In the world of reality, according to J. B. Clark profit arises only in a dynamic economy. An economic is said to be dynamic when there is a change in the population growth or change a change in the method of production or a change in the consumer’s want etc. A society which is without these changes is called a static society.
What are the different theories of profit?
The theories are: 1. The Rent Theory of Profit 2. The Wage Theory of Profit 3. The Marginal Productivity Theory of Profit 4. The Dynamic Theory of Profit 5. F.W. Hawley’s the Risk Theory of Profit 6. Knight’s Theory or the Uncertainty-Bearing Theory 7. Modern Theory or Perfect Competition or Demand and Supply Theory of Profit 8. Prof.
What is Clark’s dynamic theory of profit?
It can be concluded that Clark’s dynamic theory of profit is based on a notion that emergence, disappearance, and re-emergence of profits is a continuous process.
Is profit a result of static or dynamic change?
But Profit is the result of dynamic change. Further, Prof.

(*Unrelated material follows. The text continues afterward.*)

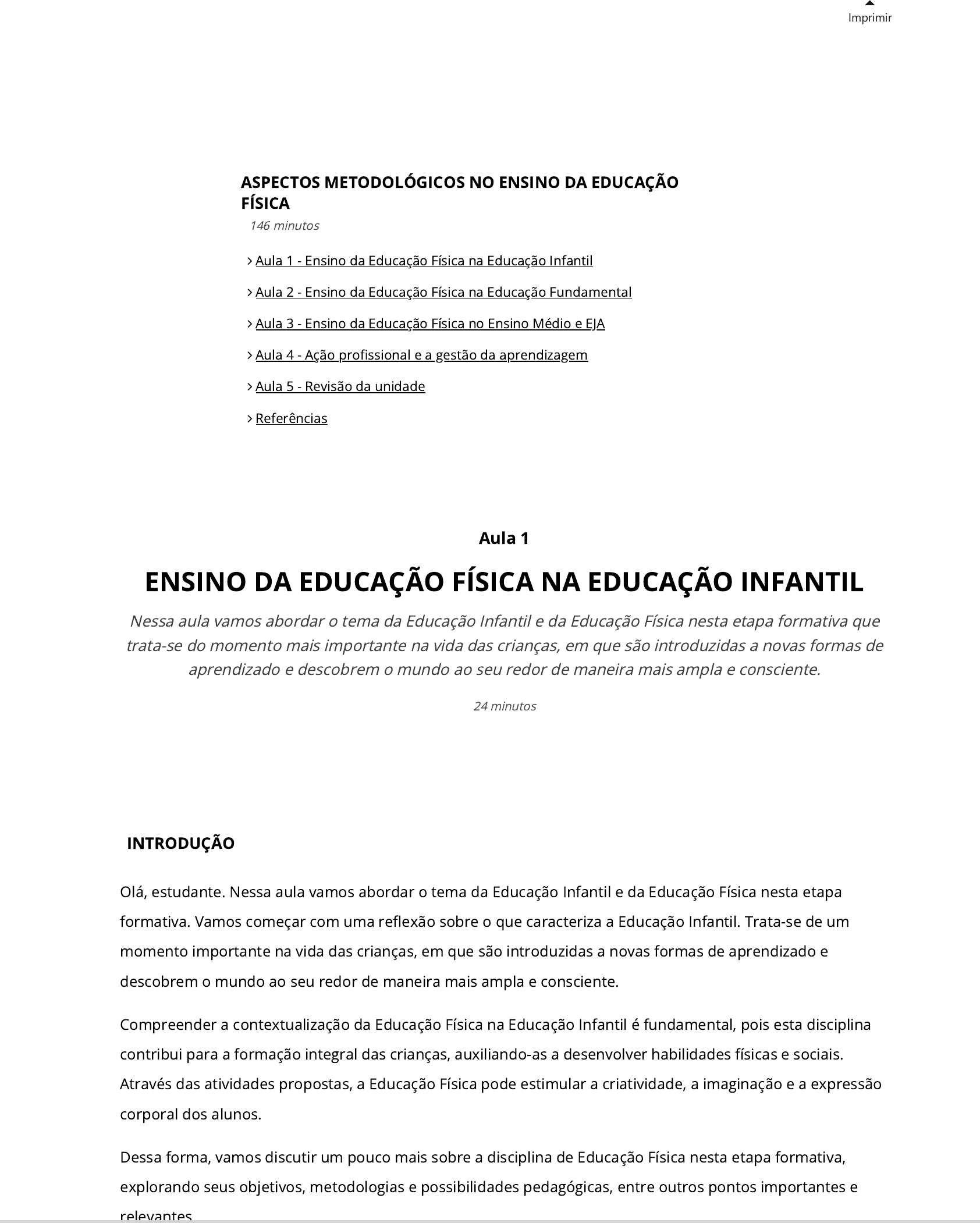 <p>06/05/2024, 16:48 wlldd_232_u4_met_ens_edu_fis</p><p>https://www.colaboraread.com.br/integracaoAlgetec/index?usuarioEmail=jorgedeath1902%40gmail.com&usuarioNome=JORGE+VINÍCIUS+MAIA+SILVA&disciplinaDescricao=&atividadeId=3928619&atividadeDesc… 1/29</p><p>Imprimir</p><p>INTRODUÇÃO</p><p>Olá, estudante. Nessa aula vamos abordar o tema da Educação Infantil e da Educação Física nesta etapa</p><p>formativa. Vamos começar com uma re�exão sobre o que caracteriza a Educação Infantil. Trata-se de um</p><p>momento importante na vida das crianças, em que são introduzidas a novas formas de aprendizado e</p><p>descobrem o mundo ao seu redor de maneira mais ampla e consciente.</p><p>Compreender a contextualização da Educação Física na Educação Infantil é fundamental, pois esta disciplina</p><p>contribui para a formação integral das crianças, auxiliando-as a desenvolver habilidades físicas e sociais.</p><p>Através das atividades propostas, a Educação Física pode estimular a criatividade, a imaginação e a expressão</p><p>corporal dos alunos.</p><p>Dessa forma, vamos discutir um pouco mais sobre a disciplina de Educação Física nesta etapa formativa,</p><p>explorando seus objetivos, metodologias e possibilidades pedagógicas, entre outros pontos importantes e</p><p>relevantes.</p><p>Aula 1</p><p>ENSINO DA EDUCAÇÃO FÍSICA NA EDUCAÇÃO INFANTIL</p><p>Nessa aula vamos abordar o tema da Educação Infantil e da Educação Física nesta etapa formativa que</p><p>trata-se do momento mais importante na vida das crianças, em que são introduzidas a novas formas de</p><p>aprendizado e descobrem o mundo ao seu redor de maneira mais ampla e consciente.</p><p>24 minutos</p><p>ASPECTOS METODOLÓGICOS NO ENSINO DA EDUCAÇÃO</p><p>FÍSICA</p><p> Aula 1 - Ensino da Educação Física na Educação Infantil</p><p> Aula 2 - Ensino da Educação Física na Educação Fundamental</p><p> Aula 3 - Ensino da Educação Física no Ensino Médio e EJA</p><p> Aula 4 - Ação pro�ssional e a gestão da aprendizagem</p><p> Aula 5 - Revisão da unidade</p><p> Referências</p><p>146 minutos</p><p>06/05/2024, 16:48 wlldd_232_u4_met_ens_edu_fis</p><p>https://www.colaboraread.com.br/integracaoAlgetec/index?usuarioEmail=jorgedeath1902%40gmail.com&usuarioNome=JORGE+VINÍCIUS+MAIA+SILVA&disciplinaDescricao=&atividadeId=3928619&atividadeDesc… 2/29</p><p>Vamos começar?</p><p>06/05/2024, 16:48 wlldd_232_u4_met_ens_edu_fis</p><p>https://www.colaboraread.com.br/integracaoAlgetec/index?usuarioEmail=jorgedeath1902%40gmail.com&usuarioNome=JORGE+VINÍCIUS+MAIA+SILVA&disciplinaDescricao=&atividadeId=3928619&atividadeDesc… 3/29</p><p>EDUCAÇÃO FÍSICA NA EDUCAÇÃO INFANTIL</p><p>A Educação Infantil é uma etapa da educação básica que tem como objetivo principal proporcionar às crianças</p><p>experiências de aprendizagem que favoreçam seu desenvolvimento integral. De acordo com a Lei de</p><p>Diretrizes e Bases da Educação Nacional (LDB), a Educação Infantil deve ser oferecida em creches para</p><p>crianças de 0 a 3 anos e em pré-escolas para crianças de 4 e 5 anos.</p><p>Essa etapa da educação tem como princípio a valorização da criança como sujeito de direitos, reconhecendo</p><p>suas especi�cidades, potencialidades e limitações. A Educação Infantil deve promover um ambiente acolhedor</p><p>e seguro, em que as crianças possam se expressar livremente e explorar o mundo à sua volta.</p><p>Devemos destacar também a importância da afetividade no ambiente educacional da Educação Infantil.</p><p>Segundo Silva (2021), a afetividade deve ser considerada como uma dimensão essencial no processo</p><p>educativo, pois proporciona segurança emocional e afetiva às crianças. Além disso, é fundamental que a</p><p>afetividade esteja presente nas relações entre professores, crianças e famílias, possibilitando um ambiente</p><p>acolhedor e afetivamente seguro.</p><p>A Educação Física na Educação Infantil tem como objetivo principal contribuir para o desenvolvimento motor e</p><p>cognitivo das crianças, por meio de atividades que promovam o movimento e a exploração do corpo em</p><p>diferentes situações e contextos. Nessa etapa formativa, as atividades de Educação Física devem ser lúdicas,</p><p>prazerosas e desa�adoras, permitindo que as crianças experimentem diferentes movimentos, habilidades e</p><p>desa�os.</p><p>De acordo com Buss-Simão (2013), a Educação Física na Educação Infantil deve priorizar o desenvolvimento da</p><p>coordenação motora ampla e �na, do equilíbrio, da lateralidade, da noção de espaço e tempo, da percepção</p><p>corporal e da consciência corporal. Além disso, é importante que as atividades de Educação Física sejam</p><p>integradas com as demais áreas do conhecimento, como a linguagem, a matemática, a ciência e a arte.</p><p>A disciplina de Educação Física na Educação Infantil possui características próprias, que a diferenciam das</p><p>demais etapas da Educação Básica. Nessa etapa formativa, as atividades de Educação Física devem ser</p><p>desenvolvidas de forma integrada com as demais áreas do conhecimento, favorecendo o desenvolvimento</p><p>global das crianças.</p><p>De acordo com a Base Nacional Comum Curricular (BNCC), a Educação Física na Educação Infantil deve</p><p>contemplar quatro eixos: corpo, gestos e movimentos; vivências e práticas de jogo; esporte e atividades</p><p>rítmicas e expressivas. Esses eixos devem ser trabalhados de forma lúdica, respeitando as necessidades e</p><p>interesses das crianças.</p><p>Em suma, a caracterização da Educação Infantil como uma etapa formativa que engloba as dimensões</p><p>cognitiva, afetiva, social e física das crianças é fundamental para que se compreenda a complexidade e a</p><p>importância desse período na formação dos indivíduos. A contextualização e caracterização da Educação</p><p>Física na Educação

Clark was of this opinion that in a stationary state having static economic conditions of demand and supply, there can be no real or pure profit as a surplus.

What do you mean by dynamic theory of profit?
Dynamic theory of profit was advocated by J.B Clark. He stated that profits rise in that of type of economy where the things change. No profits will be generated n the static economy, where everything remains constant.
Who proposed dynamic theory of profit?
J.B. Clark– J.B. Clark was an American economist and he propounded the dynamic theory of profit in 1900. – His opinion was that profits arise due to dynamic economy, not in a static economy.
What are the 4 theories of profit?
In particular, virtually every theory proposed in the economics or strategy fields to explain profit relies on one or more of four basic causal mechanisms, labeled here as competitive advantage, rivalry restraint, information asymmetry, and commitment timing.
What are the major causes which arise profit according to dynamic theory of profit?
The Dynamic Theory of Profit J.B. Clerk introduced the dynamic theory of profit. According to Clark; profit arises due to the dynamic changes in societies. Clark sees the major function of an entrepreneur and manager in a dynamic world is to take advantage of the generic changes to promote their businesses.
How many theories of profit are there?
The following points highlight the eight theories of profit in economics. The theories are: 1. The Rent Theory of Profit 2. The Wage Theory of Profit 3.
What are the concepts of profit?
Profit simply means a positive gain generated from business operations or investment after subtracting all expenses or costs. In economic terms profit is defined as a reward received by an entrepreneur by combining all the factors of production to serve the need of individuals in the economy faced with uncertainties.
What are the types of profit?
The three major types of profit are gross profit, operating profit, and net profit--all of which can be found on the income statement.
What is Knights theory of profit?
Knight regards profit as the reward for bearing non-insurable risks and uncertainties. He distinguishes between insurable and non-insurable risks. Certain risks are measurable, the probability of their occurrence can be statistically calculated. The risks of fire, theft, flood and death by accidents are insurable.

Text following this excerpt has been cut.